(Material for this exercise begins)

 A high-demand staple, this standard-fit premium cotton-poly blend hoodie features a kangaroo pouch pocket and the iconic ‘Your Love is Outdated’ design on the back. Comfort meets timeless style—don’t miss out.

(Material for this exercise ends)
(Material for this exercise begins)

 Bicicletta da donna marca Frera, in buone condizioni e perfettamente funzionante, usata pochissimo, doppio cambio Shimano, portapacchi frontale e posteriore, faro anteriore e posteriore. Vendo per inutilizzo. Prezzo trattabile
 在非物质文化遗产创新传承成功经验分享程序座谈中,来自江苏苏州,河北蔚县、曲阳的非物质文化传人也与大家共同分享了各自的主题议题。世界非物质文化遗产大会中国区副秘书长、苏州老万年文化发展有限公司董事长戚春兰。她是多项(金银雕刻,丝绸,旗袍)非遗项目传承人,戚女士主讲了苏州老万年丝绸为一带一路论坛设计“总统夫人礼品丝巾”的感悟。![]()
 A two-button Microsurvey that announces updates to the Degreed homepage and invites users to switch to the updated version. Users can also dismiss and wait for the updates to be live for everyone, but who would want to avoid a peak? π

(Material for this exercise ends)

- [Work to be completed]:
Since only part of the listing is wanted, copy exactly the lines from the one holding "Bicicletta da donna" to the one holding "A two-button Microsurvey", both included.

- [Response below]:
 Bicicletta da donna marca Frera, in buone condizioni e perfettamente funzionante, usata pochissimo, doppio cambio Shimano, portapacchi frontale e posteriore, faro anteriore e posteriore. Vendo per inutilizzo. Prezzo trattabile
 在非物质文化遗产创新传承成功经验分享程序座谈中,来自江苏苏州,河北蔚县、曲阳的非物质文化传人也与大家共同分享了各自的主题议题。世界非物质文化遗产大会中国区副秘书长、苏州老万年文化发展有限公司董事长戚春兰。她是多项(金银雕刻,丝绸,旗袍)非遗项目传承人,戚女士主讲了苏州老万年丝绸为一带一路论坛设计“总统夫人礼品丝巾”的感悟。![]()
 A two-button Microsurvey that announces updates to the Degreed homepage and invites users to switch to the updated version. Users can also dismiss and wait for the updates to be live for everyone, but who would want to avoid a peak? π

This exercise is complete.